Kurze, abradierte Zähne sind nicht nur ein ästhetisches Problem. Denn mit der Fehlstellung der Zähne und dem Verlust der Bisshöhe (Bissabsenkung), verändert sich zugleich auch die Position der Kiefergelenke. Dies führt zu deren Kompression mit Verspannung der Kau-, Kopf- und Gesichtsmuskulatur.

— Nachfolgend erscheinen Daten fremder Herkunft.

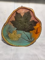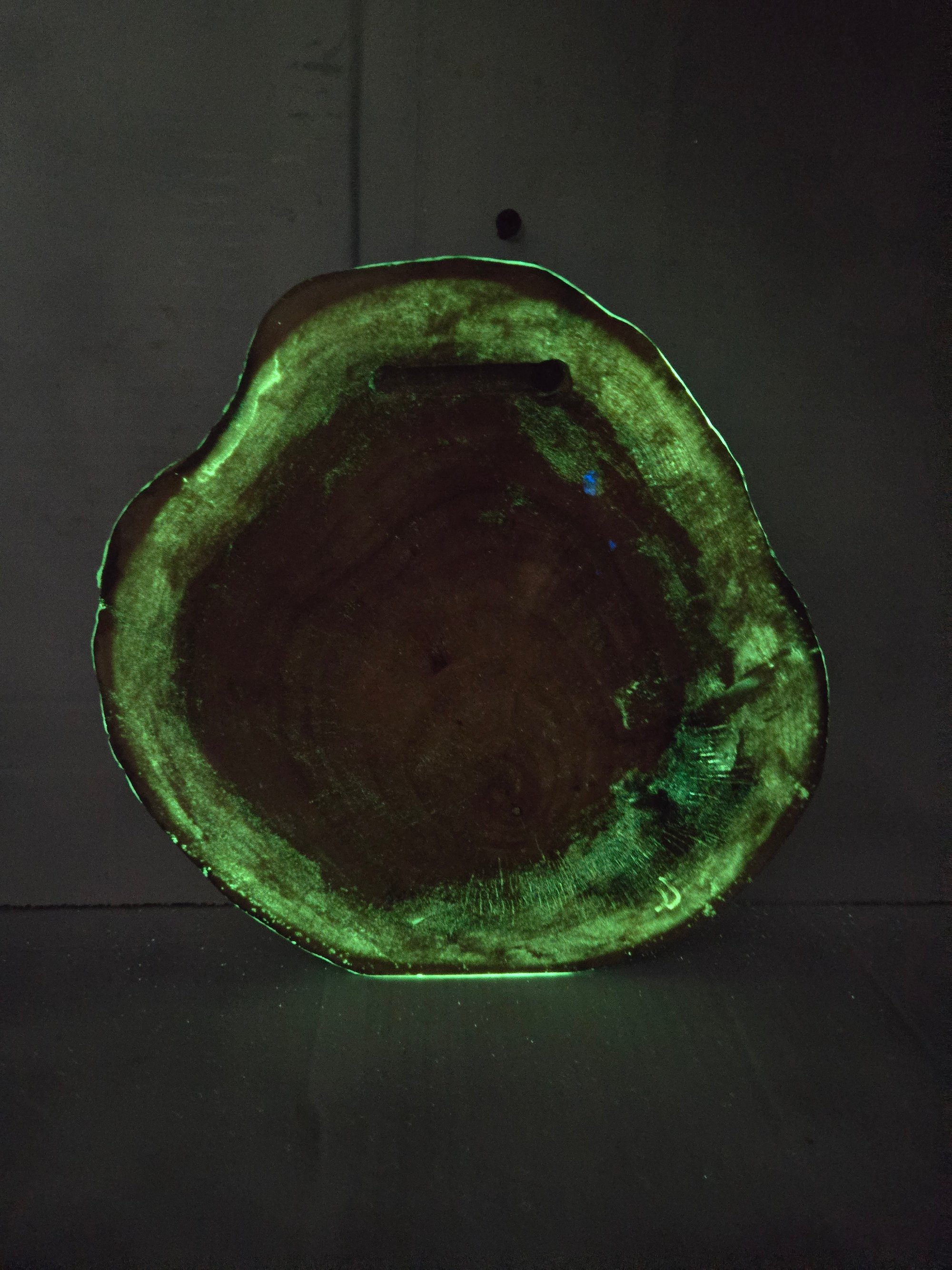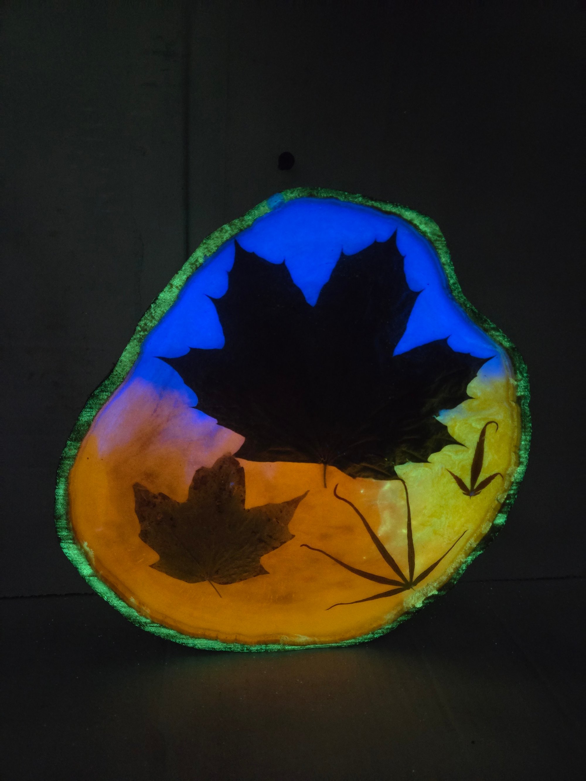 Handcrafted wood tray that glows in the dark and has real maple leaves encased in epoxy

Neuromuskuläre Mechanismen lösen in der Folge unterschiedliche Beschwerden wie Spannungskopfschmerz aber auch Schulter- oder Rückenschmerzen aus.

Ebenso kann eine Positionsveränderung der Kiefergelenke aus ihrer zentrischen Lage auch zu einem Schulter- und Beckenschiefstand führen.

Die Gesamtheit der beobachteten Schmerzen und Beschwerden durch eine Bissabsenkung gehören zum Symptomenkomplex einer CMD, einer craniomandibulären Dysfunktion.